Morning Ethics Warm-Up, 3/23/2021: Shots

This morning served as a perfect example of how the news is now automatically politicized and prioritized for partisan ends. On CNN, a panel was discussing the mass shooting in Boulder. Colorado, and instantly transforming the segment into gun-control mass rant. On Fox, the crisis of the day was the chaos at the border, where the virtual open-borders policies everyone—including those planning to be illegal immigrants—knew would come in along with the Biden administration is having the predictable effects. That segment was a diatribe against the wink-wink, nudge-nudge Democratic enabling of uncontrolled immigration.

CNN wins in the closely contested dubious ethics category by having “contributor” Andrew McCabe on the panel. McCabe epitomized the FBI’s corrupt and partisan efforts to injure the Trump Administration from within; he leaked information to the media and lied about it; he was fired, and deserved to be. McCabe’s high-profile anti-Trump conduct was sufficient to get him a gig on CNN, where being part of “the resistance” is all one needs to endear oneself to the Trump Deranged.

McCabe should have lost his law license, as any attorney who leaks confidential information should, and personally, I wouldn’t trust him to walk my dog.

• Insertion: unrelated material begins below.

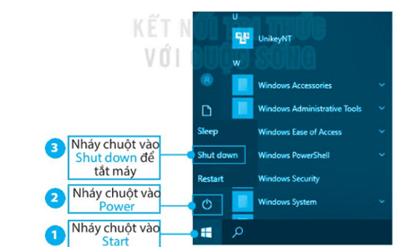 ☑ Đóng các chương trình đang mở và nháy chuột chọn Start/Power/Shut down để tắt máy tính.
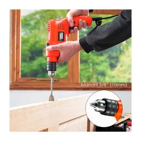 Furadeira de Impacto 3/8" 560W 220V TM500B2 Black And Decker A furadeira de impacto da Black And Decker é essencial tanto para serviços profissionais quanto para serviços de reparos domésticos. Uma ferramenta indispensável quando o assunto é qualidade e acabamento. Possui modo de perfuração ou com impacto, com motor de 560W ideal para aplicações em alvenaria, madeira e metal, ação impacto para trabalhar com mais eficiência em alvenaria e azulejos, trava de gatilho para uso contínuo e seletor de impacto ou rotação oferece um ótimo rendimento em grande variedade de materiais. Por que a furadeira de impacto da Black And Decker é ideal para me acompanhar no trabalho? Porque ela dispõe de praticidade, qualidade e está apta para atender suas expectativas, ideal para aplicações em alvenaria, madeira e metal, traz mais precisão no trabalho com acabamento de qualidade, resistente e de alta durabilidade. Sem contar com empunhadura com desenho ergonômico para comodidade do usuário. Especificações sobre o produto: Marca: Black and Decker Garantia: 1 ano de garantia Modelo: TM500B2 Mandril: 3/8" 10mm Voltagem: 220V Potência: 560W Velocidade: 2800/min rpm Impacto: 45000 ipm Ação impacto: Sim Capacidade de perfuração em metal: 3/8" 10mm Capacidade de perfuração em alvenaria: 3/8" 10mm Capacidade de perfuração em madeira: 1" 25mm Itens Inclusos: 01 Furadeira de impacto 3/8" 10mm 01 Chave de mandril O que você está esperando? A furadeira de impacto Black and Decker possui a praticidade, qualidade e versatilidade que você precisa, além de ser super útil para profissionais da área e para reparos caseiros. Ean: 0885911155335

1. You want to be paid $15 an hour for doing a job this poorly? This morning, having been forced to get up and move my car at 7 am, I decided to drive to the local McDoanld’s for my favorite guilty morning pleasure, a sausage biscuit and some hash browns. For once I could understand the heavily accented woman on the intercom, and I made a clear and distinct order. But given false security by this unusual development, for the first time in a long while I didn’t check the bag—this McDonald’s bats about .500 in getting orders right—and sure enough, when I arrived home, I found an Egg McMuffin instead of a sausage biscuit. I hate Egg McMuffins.

This isn’t brain surgery. I know it’s a crummy job, but it is what they are being paid for. Don’t tell me someone who is that inattentive deserves “a living wage.” Pay them for not working, if you foolishly want to treat them as charity cases; at least then they aren’t getting rewarded for doing a job badly.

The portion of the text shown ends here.